Span requested from the data below: the line with "I love the dark" through the line with "GATE 2023 BT", both included. Give only these lines again, exactly, and leave every picture out.

Data for review -
┄┄┄┄┄┄┄┄┄┄┄┄┄┄┄┄┄┄┄┄
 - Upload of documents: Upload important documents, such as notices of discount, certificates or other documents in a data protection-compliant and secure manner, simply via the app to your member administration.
┄┄┄┄┄┄┄┄┄┄┄┄┄┄┄┄┄┄┄┄
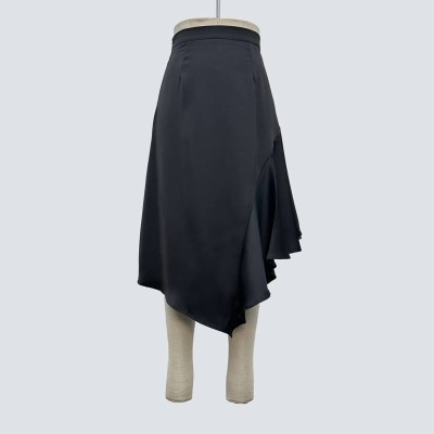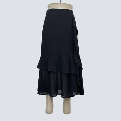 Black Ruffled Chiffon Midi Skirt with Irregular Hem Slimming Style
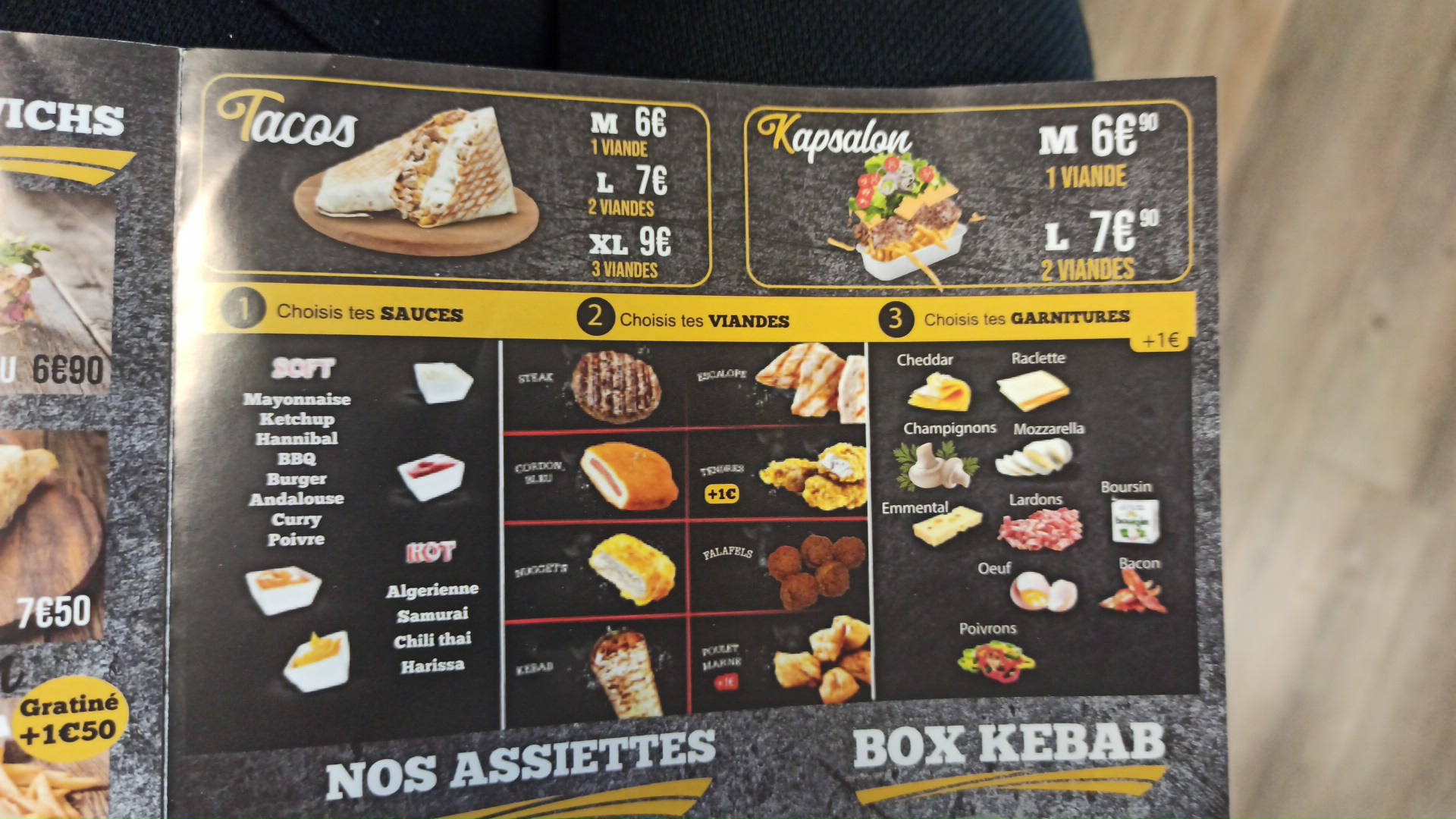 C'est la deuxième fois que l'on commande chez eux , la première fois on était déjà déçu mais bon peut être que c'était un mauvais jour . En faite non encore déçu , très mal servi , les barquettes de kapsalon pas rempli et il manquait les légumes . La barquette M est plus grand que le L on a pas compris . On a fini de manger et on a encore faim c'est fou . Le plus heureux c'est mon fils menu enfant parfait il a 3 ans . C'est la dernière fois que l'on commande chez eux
┄┄┄┄┄┄┄┄┄┄┄┄┄┄┄┄┄┄┄┄
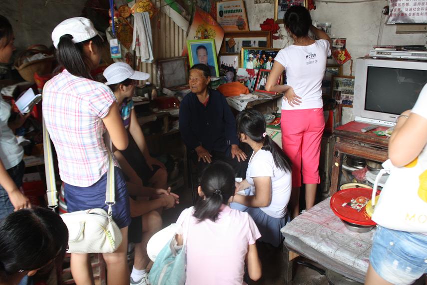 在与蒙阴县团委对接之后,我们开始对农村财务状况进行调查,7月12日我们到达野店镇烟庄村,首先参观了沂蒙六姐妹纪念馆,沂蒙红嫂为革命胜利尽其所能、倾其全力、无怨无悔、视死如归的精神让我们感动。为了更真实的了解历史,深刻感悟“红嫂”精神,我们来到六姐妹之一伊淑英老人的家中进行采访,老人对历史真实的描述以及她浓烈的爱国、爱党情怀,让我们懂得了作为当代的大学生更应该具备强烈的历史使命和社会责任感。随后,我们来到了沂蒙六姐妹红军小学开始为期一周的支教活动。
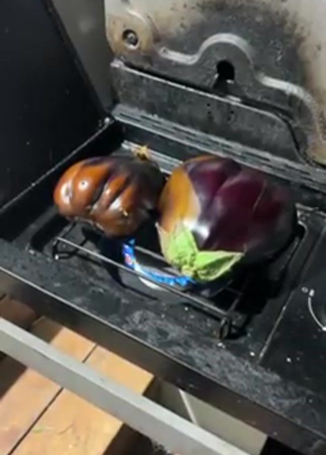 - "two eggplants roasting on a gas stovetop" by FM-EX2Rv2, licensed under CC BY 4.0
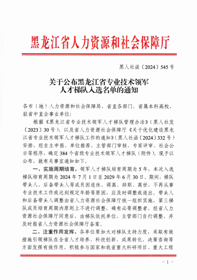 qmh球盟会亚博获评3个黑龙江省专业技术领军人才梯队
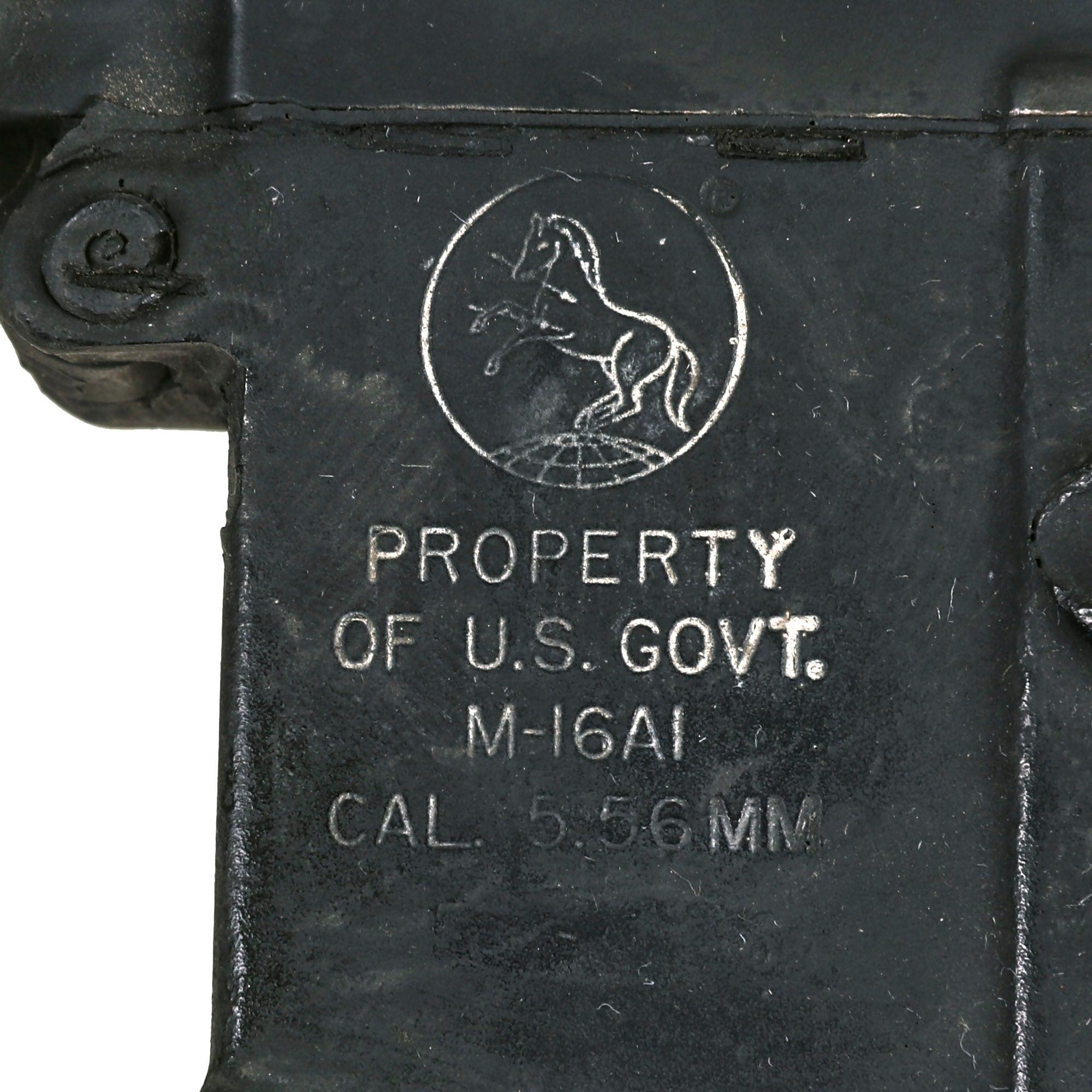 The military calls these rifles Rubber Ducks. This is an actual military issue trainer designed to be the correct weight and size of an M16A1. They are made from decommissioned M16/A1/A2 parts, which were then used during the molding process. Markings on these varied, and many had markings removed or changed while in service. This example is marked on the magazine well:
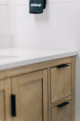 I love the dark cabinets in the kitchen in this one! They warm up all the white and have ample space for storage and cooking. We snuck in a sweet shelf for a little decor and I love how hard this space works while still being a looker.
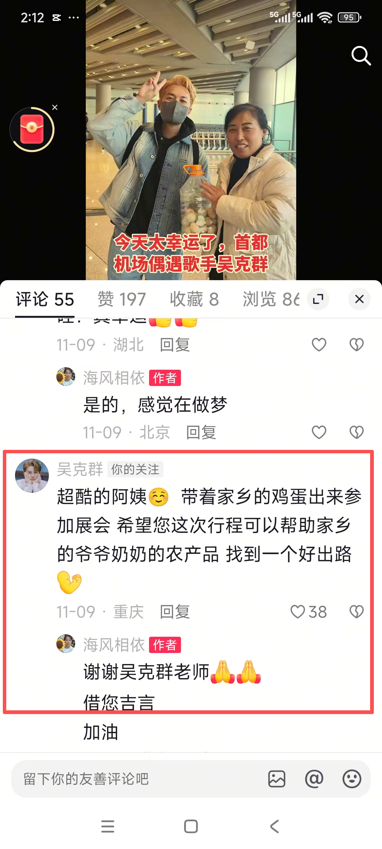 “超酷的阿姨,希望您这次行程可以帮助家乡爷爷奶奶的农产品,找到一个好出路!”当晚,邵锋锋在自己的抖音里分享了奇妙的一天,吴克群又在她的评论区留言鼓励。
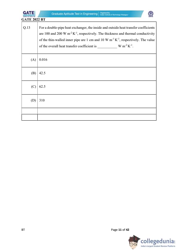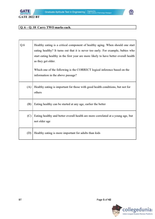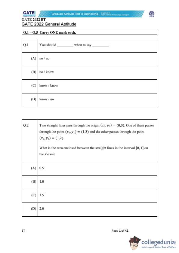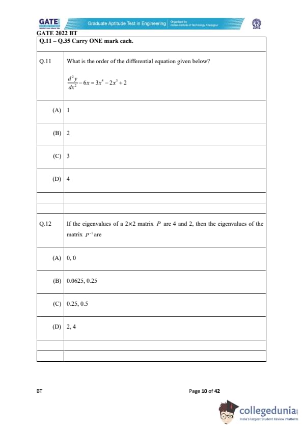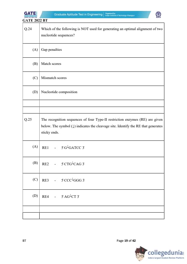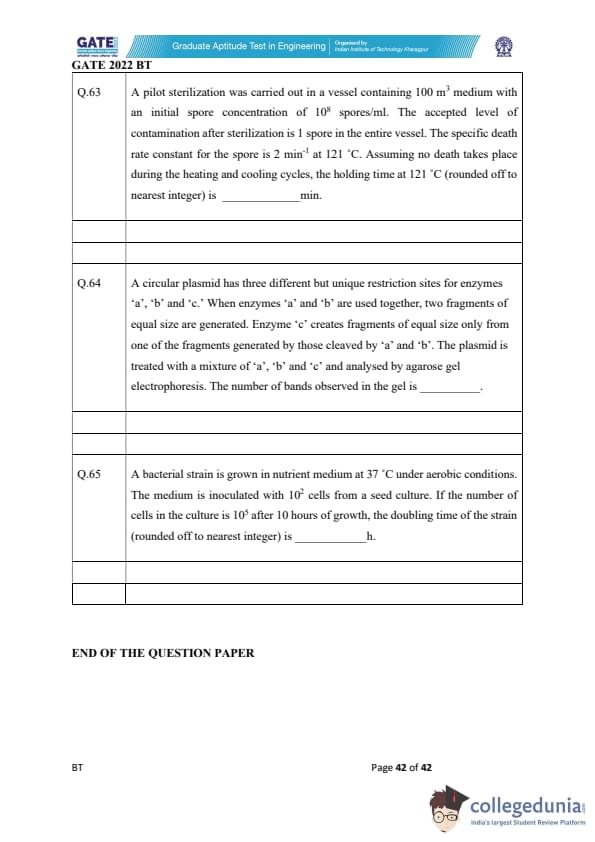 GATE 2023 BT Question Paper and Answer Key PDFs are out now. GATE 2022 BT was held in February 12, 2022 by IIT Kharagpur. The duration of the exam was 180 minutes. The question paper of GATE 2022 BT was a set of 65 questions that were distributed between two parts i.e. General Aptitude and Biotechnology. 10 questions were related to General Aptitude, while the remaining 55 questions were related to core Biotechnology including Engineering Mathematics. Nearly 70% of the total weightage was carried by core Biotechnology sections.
┄┄┄┄┄┄┄┄┄┄┄┄┄┄┄┄┄┄┄┄
Response area -
 I love the dark cabinets in the kitchen in this one! They warm up all the white and have ample space for storage and cooking. We snuck in a sweet shelf for a little decor and I love how hard this space works while still being a looker.
 “超酷的阿姨,希望您这次行程可以帮助家乡爷爷奶奶的农产品,找到一个好出路!”当晚,邵锋锋在自己的抖音里分享了奇妙的一天,吴克群又在她的评论区留言鼓励。
 GATE 2023 BT Question Paper and Answer Key PDFs are out now. GATE 2022 BT was held in February 12, 2022 by IIT Kharagpur. The duration of the exam was 180 minutes. The question paper of GATE 2022 BT was a set of 65 questions that were distributed between two parts i.e. General Aptitude and Biotechnology. 10 questions were related to General Aptitude, while the remaining 55 questions were related to core Biotechnology including Engineering Mathematics. Nearly 70% of the total weightage was carried by core Biotechnology sections.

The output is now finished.